Extracted records:
────────

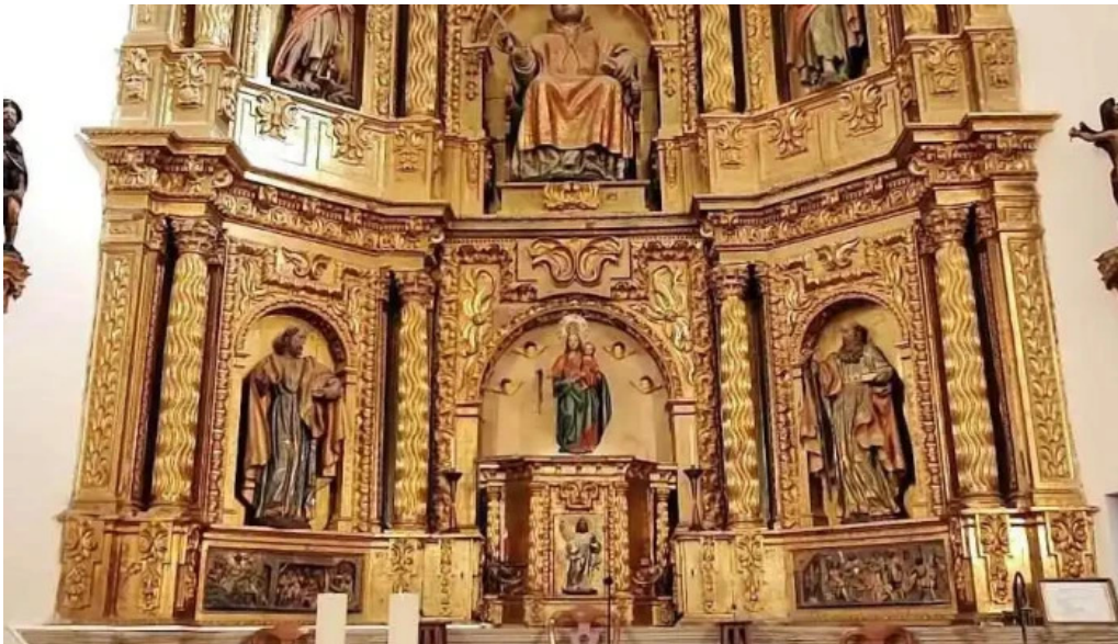
Iglesia de espronceda iglesia catolica
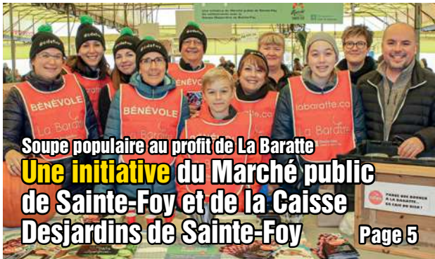
Soupe populaire au profit de La Baratte Une initiative du Marché public de Sainte-Foy et de la Caisse Desjardins de Sainte-Foy
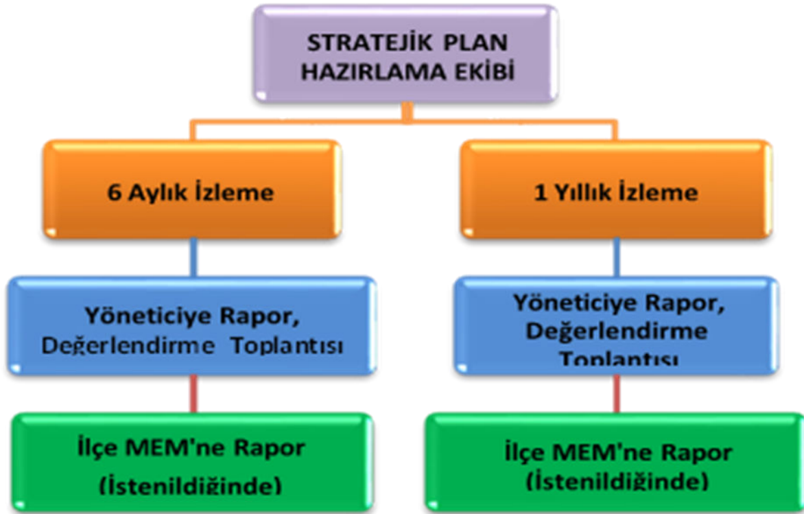
Şekil 3: İzleme ve Değerlendirme Süreci

Müdürlüğümüzün 2024-2028 Stratejik Planı İzleme ve Değerlendirme sürecini ifade eden İzleme ve Değerlendirme Modeli hazırlanmıştır. Müdürlüğümüzün Stratejik Plan İzleme- Değerlendirme çalışmaları eğitim-öğretim yılı çalışma takvimi de dikkate alınarak 6 aylık ve 1 yıllık sürelerde gerçekleştirilecektir. 6 aylık sürelerde rapor hazırlanacak ve değerlendirme toplantısı düzenlenecektir. İzleme-değerlendirme raporu, istenildiğinde İlçe Milli Eğitim Müdürlüğü'ne gönderilecektir. Ayrıca ilçemizin Mülki İdari Amirine sunulacaktır. 1 yıllık izleme-değerlendirme çalışmaları, Stratejik Planımızda yer alan hedeflerin yıllık düzeyde ifade edildiği Performans Programı ve yıl sonunda gerçekleşme düzeylerinin belirlendiği Faaliyet Raporu hazırlanarak yapılacaktır.
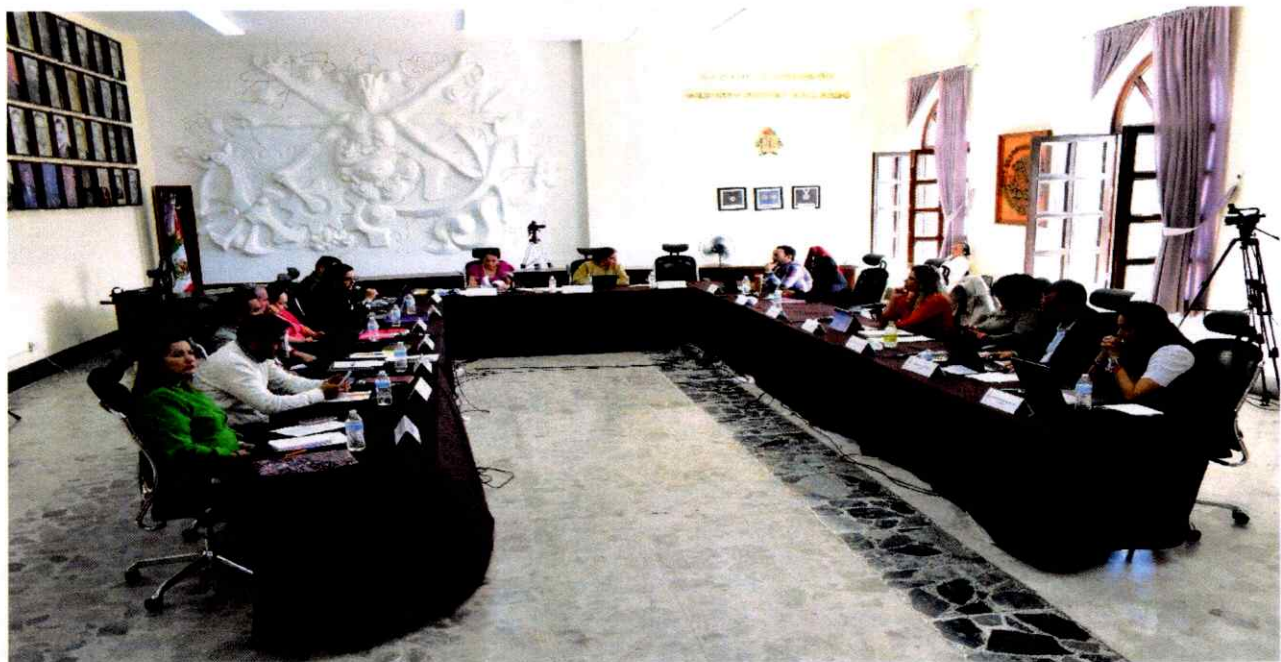
Sesión Extraordinaria No. 28.
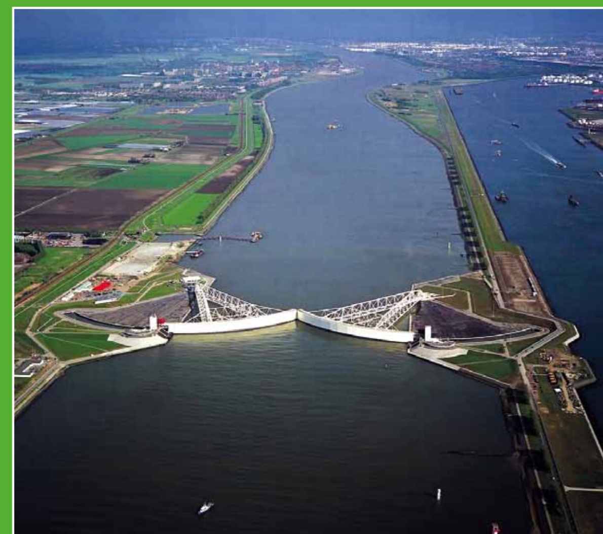
③ Maeslantkering & Nieuwe Waterweg

De historie van het Westland en de ontwikkeling van de (glas)tuinbouw komen tot leven in het Westlands Museum. In de historische tuin worden producten gekweekt zoals de tafeldruif, perziken, pruimen en asperges. Hier ziet u ook een ingerichte tuindersschuur uit ± 1900. Adres: Middel Broekweg 154, Honselersdijk. Openingstijden: di t/m za en elke 1e zo v/d maand 13.30-17.00 uur. Jul. en aug. extra geopend van di t/m vr 10.30-17.00 uur.
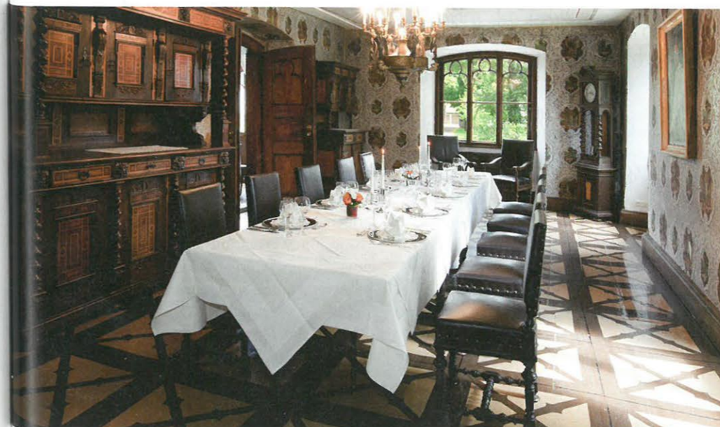
Tafeln und Tagen auf höchstem Niveau, denn Tradition verpflichtet im Schloss zu Hopferau.
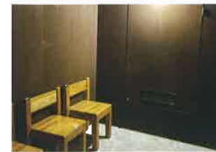
ぜんたい ああ つばちなみまいふん ていと 全体の大きさは1坪 (畳2枚分) 程度
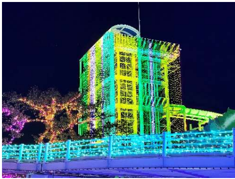
貸出画像「ジュエリー・タワー(イメージ)」

温暖化が進む地球上では、各所でCO2を吸収する森林の整備・保全に力が注がれています。「ジャイアントスカイリバー」は、自然、特に森林への愛をモチーフにグリーンを基調とした色で照らします。訪れる人々が、美しい「光の森」を眺めながら、地球への愛を深めるきっかけを促すエリアです。
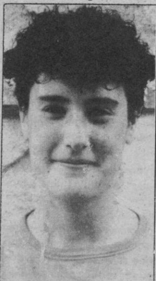
M. a Angeles: A recuperarse

No hay forma de que la corta plantilla de Jesuitinas
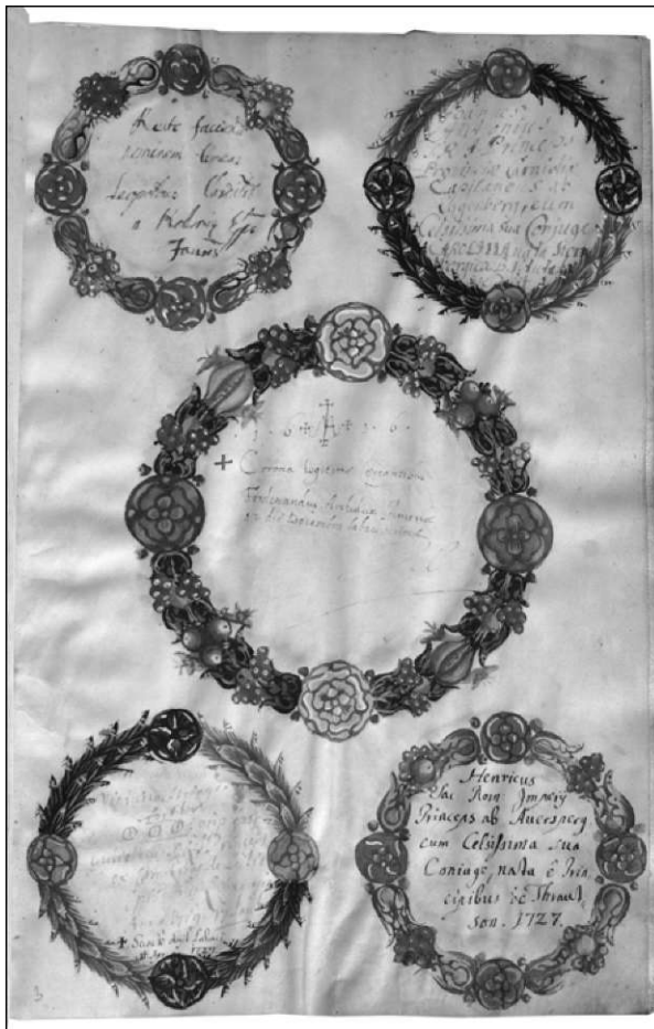
Folij z vpisom nadvojvoda Ferdinanda in drugih uglednih članov
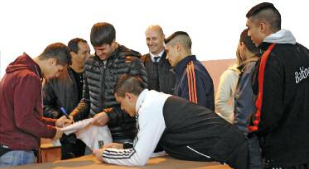
El momento de los autógrafos y firma de camisetas
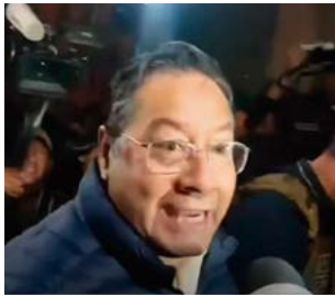
Luis Arce Catacora. RSSS

El expresidente Luis Arce, pasó su primera noche en la cárcel de San Pedro de La Paz bajo condiciones de aislamiento preventivo, luego de que fue internado para cumplir cinco meses de detención preventi-
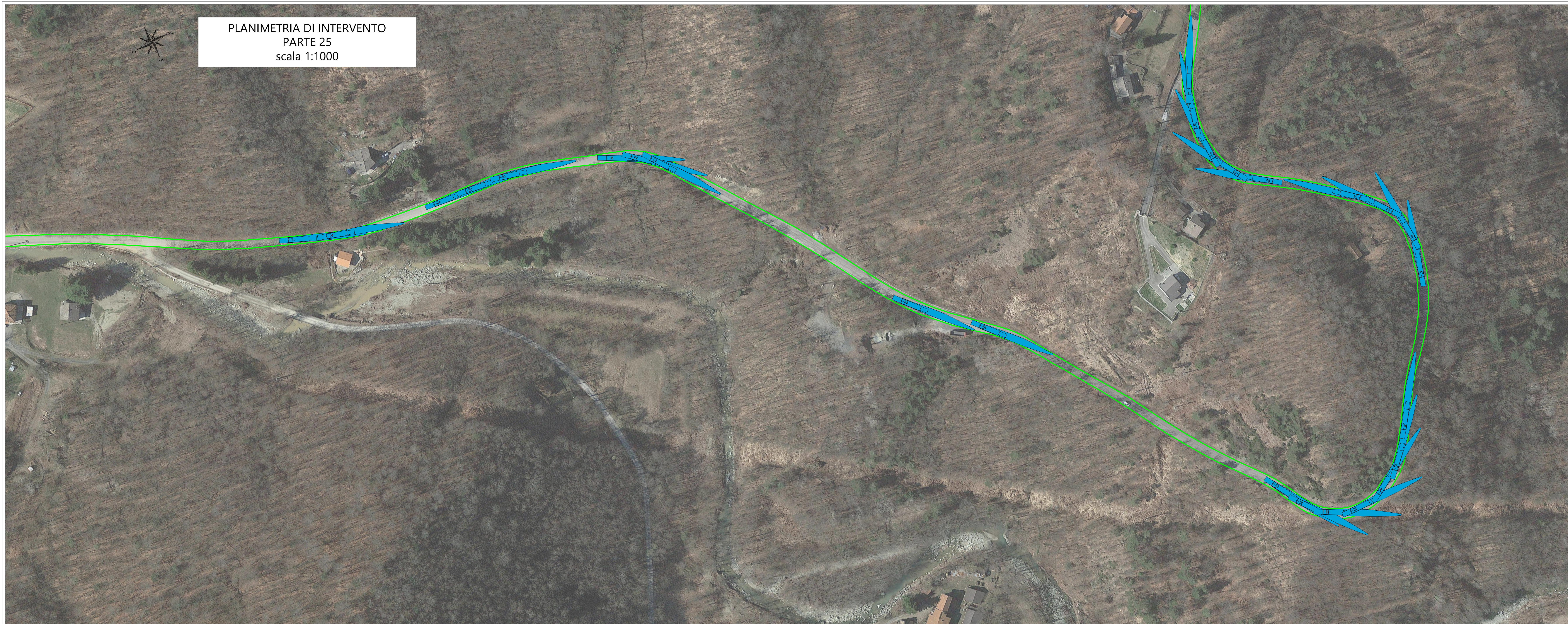
PLANIMETRIA DI INTERVENTO PARTE 25 scala 1:1000
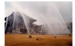
歴史的建造物の防災対策 (奈良県奈良市)
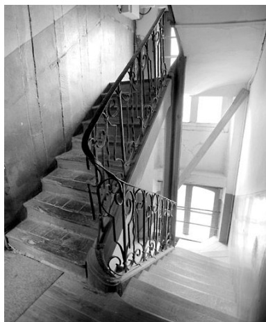
Vue de l'escalier en fer forgé. IVR11_20027700749X
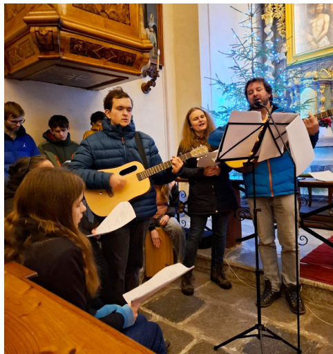
Silvestrovské chvály u kapucínů.

Rok 2025 jsme zakončili silvestrovskými chválami. O hudební doprovod se postaraly místní Malé chvály, pak jsme ještě mohli využít nabídku silvestrovského posezení na faře.
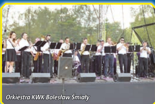
Orkiestra KWK Bolesław Śmiały
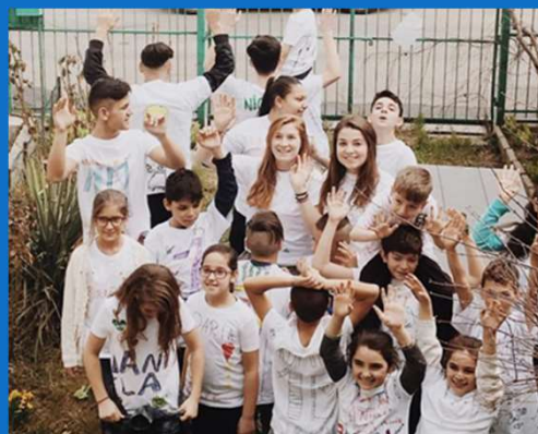
17/03 : Activités avec l'association étudiante Bucar'help de Lille
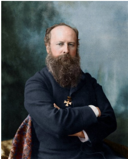
В.В. Верещагин (1842–1904)

Оңтүстік Қазақстан және Жетісу бейнесі «Туркестан. Этюд с натуры», «Очерки, наброски, воспоминания» атты иллюстрациялық кітаптардың және «Туркестанские серии» картиналарының авторы, орыс суретшісі В.В. Верещагиннің (1850–1935) туындыларында орын алған.
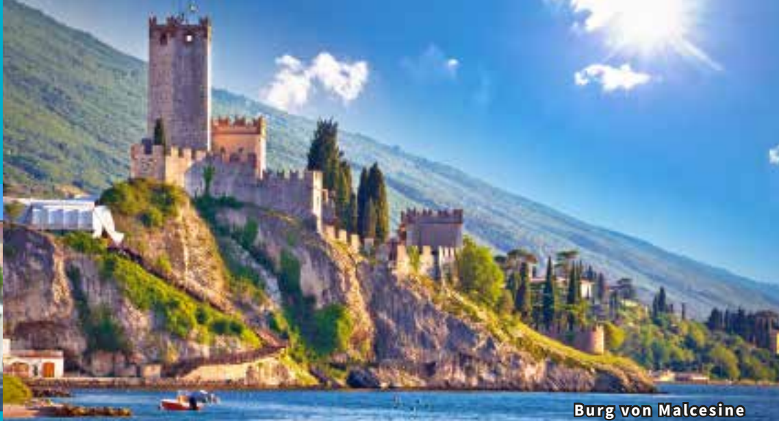
Burg von Malcesine
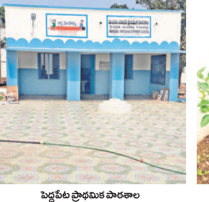
పెద్దపేట ప్రాథమిక పాఠశాల

────────

Assignment: Wherever the word "Arce" appears in the entries above, copy that line.

Exercise answer:
Luis Arce Catacora. RSSS
El expresidente Luis Arce, pasó su primera noche en la cárcel de San Pedro de La Paz bajo condiciones de aislamiento preventivo, luego de que fue internado para cumplir cinco meses de detención preventi-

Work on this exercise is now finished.